(Collection entries)
──────

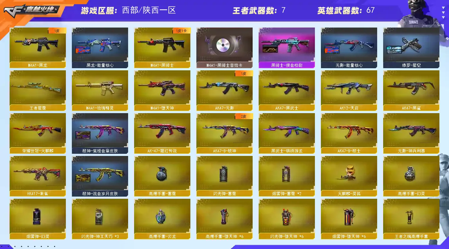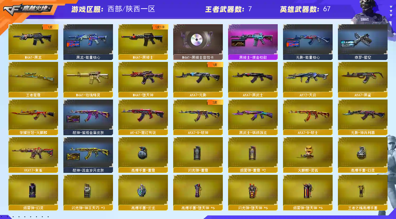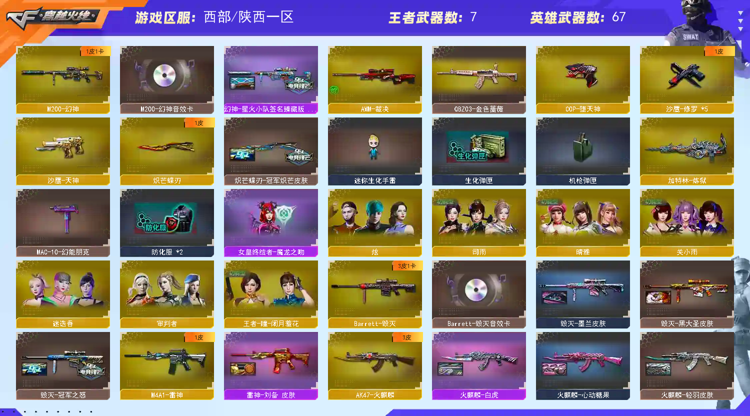 【幻神3件套!!!】【m200幻神+幻神音效卡+星火小队皮肤+炽芒蝶刃(冠军炽芒)】【王者星霆】【毁灭+毁灭音效卡+冠军之怒皮肤】【黑骑士+黑骑士音效卡】【星神漫游皮肤】【qbz03金色蔷薇】【堕天神套装】【荣耀世冠火麒麟】【王者之心 王者之魄 王者之势 王者之力】【火麒麟 黑龙 雷神 黑骑士 无影 黑武士 天启 黑鲨 朱雀 无影神兵利器 黑武士锦绣游龙 超新星热带奇洋 玫瑰精灵 猩红传说 战士 战神 毁灭 裁决】——【热门武器/小人呛】【白虎迷你小艾 雷神精英刀锋 火麒麟灵狐 炼狱呛娘擎电】【cop堕天神 修罗 天神】【炽芒蝶刃 尼泊尔雷霆 麒麟刺堕天神 龙啸堕天神 擎天云海游龙 龙啸热带奇洋】——【堕天神投掷套装*6】【雷霆投掷套装】——【角色】【4防关小雨 晴雅 王者瞳闭月羞花】【迷迭香 审判者 司雨 炫】【奇洋探员 乔伊教练 云海玲珑】
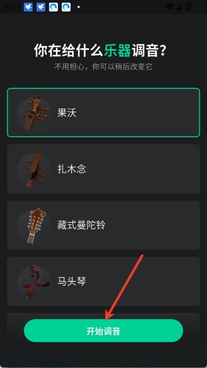 1、打开雪怪调音器app,首先选择自己要调音的乐器
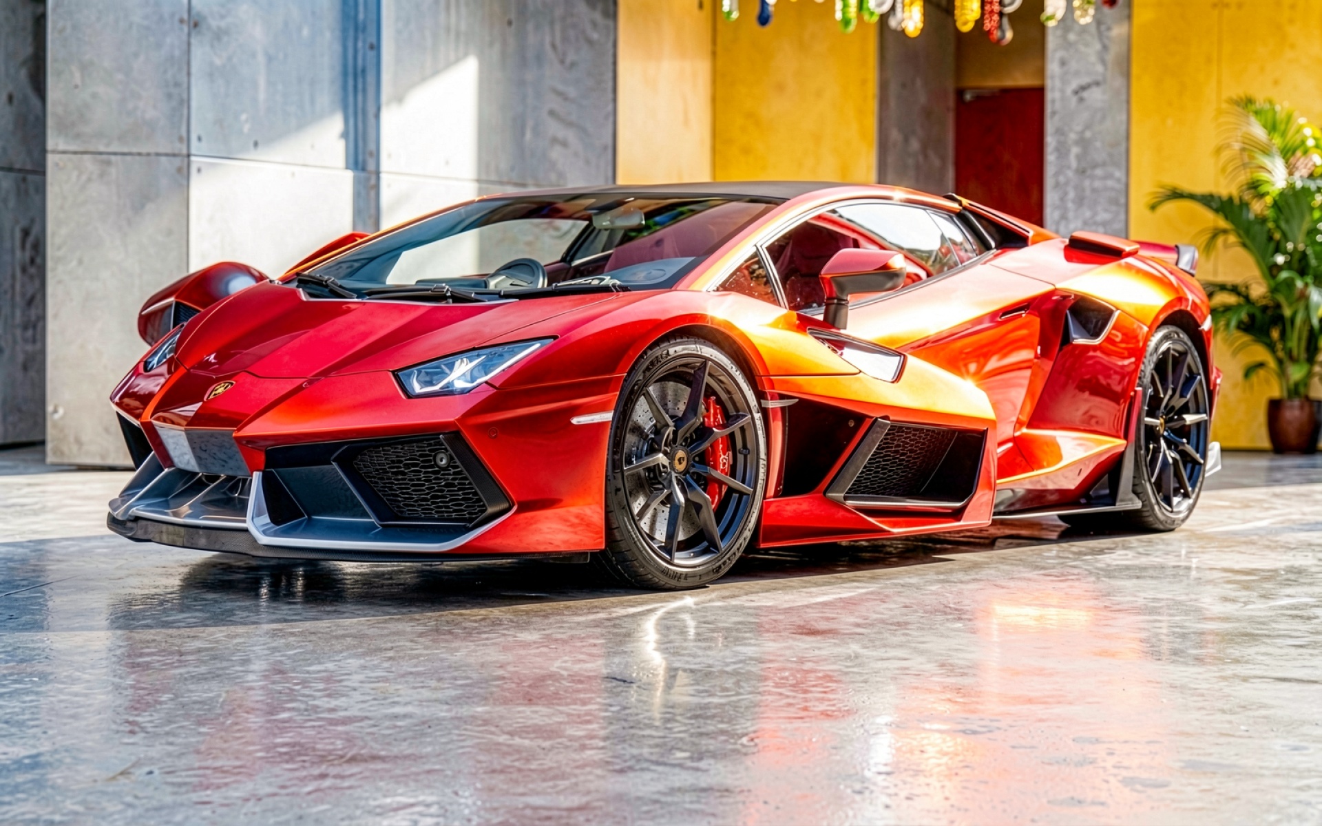 Скачивание JPG обоев «Красный суперкар Lamborghini Aventador в городском окружении» с нашего сайта нужно, потому что другие сайты обрезают края, а у нас полный кадр.
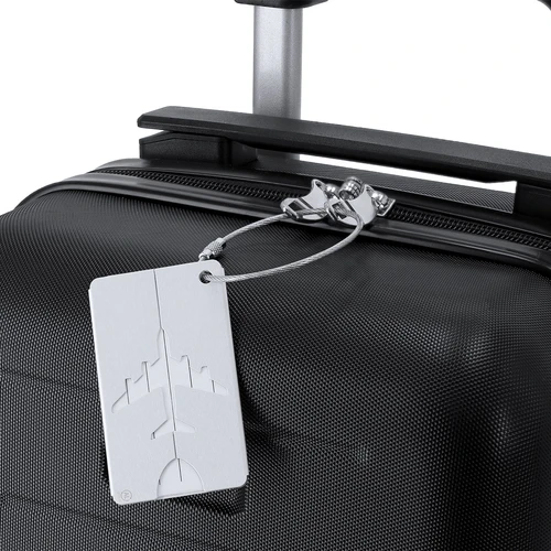 Original identificador de maletas con diseño de avión en resistente Aluminio Reciclado. Con cinta de acople en acero inoxidable con sistema de cierra en rosca y tarjeta de identificación en inglés con los siguientes campos impresos; Addres, Tel, Name, E-mail. Logo AL Recycled grabado por láser.
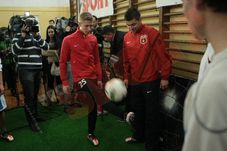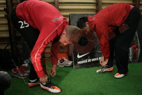 „FCD în ADN”! Cu acest mesaj au fost primiți fotbaliștii Stelei în sala de sport a Liceului „Sfântul Sava”, cu numai două etape înaintea meciului cu rivala Dinamo. Portarul uneia dintre echipele liceului își mâzgălise pe spatele tricoului mesajul, în speranța că îi va timora pe steliști. Totuși, Tănase (foto dreapta), Rusescu și Roșu (foto sus) nu s-au supărat și au acceptat cuminți cererile de poze și autografe venite în special din partea fetelor.
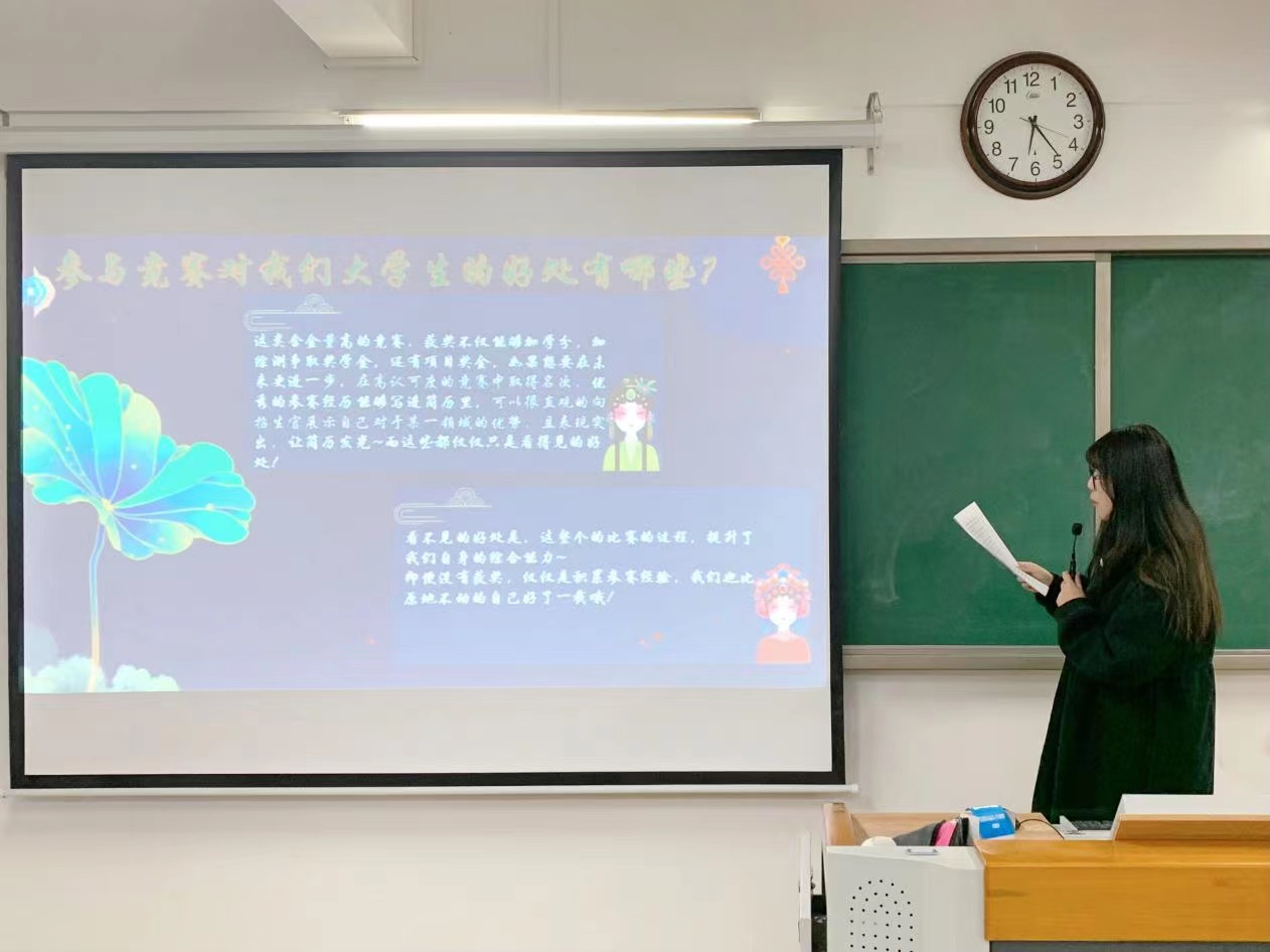 分享会上,同学们了解了省级赛事的比赛流程,表示今后会认真准备积极参加各类比赛,积累经验,为今后的学业生涯发展奠定坚实的基础。
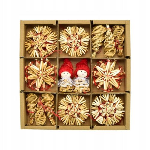 Te wysokiej jakości słomiane ozdoby świąteczne Dommio model z 38 elementami wyróżniają się autentycznym, ręcznie wykonanym wykończeniem, które oddaje tradycyjny urok Bożego Narodzenia. Naturalny kolor słomy z precyzyjnymi czerwonymi przeszyciami zapewnia nie tylko wizualną harmonię, ale także trwałość, która przetrwa wiele sezonów dekoracji, tworząc ciepłą i autentyczną atmosferę w każdym wnętrzu.
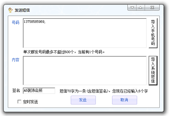 在短信內(nèi)容里面填寫要發(fā)送給客戶的內(nèi)容。
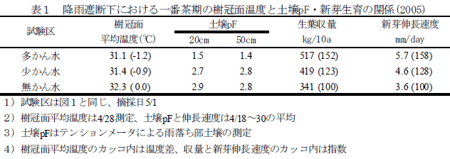 一番茶生育期において、降雨がないとかん水量が少ないほど日中の樹冠面温度は上昇する。土壌pFに差が生じない程度の少量のかん水でも樹冠面温度は低下し、水ストレスは軽減される。 | ||||||||

──────

Work instructions
With the pictures left out, copy exactly the lines above from the line containing "在短信內(nèi)容里面填寫要發(fā)送給客戶的內(nèi)容。" through the last line of the entries.

Task answer
 在短信內(nèi)容里面填寫要發(fā)送給客戶的內(nèi)容。
 一番茶生育期において、降雨がないとかん水量が少ないほど日中の樹冠面温度は上昇する。土壌pFに差が生じない程度の少量のかん水でも樹冠面温度は低下し、水ストレスは軽減される。 | ||||||||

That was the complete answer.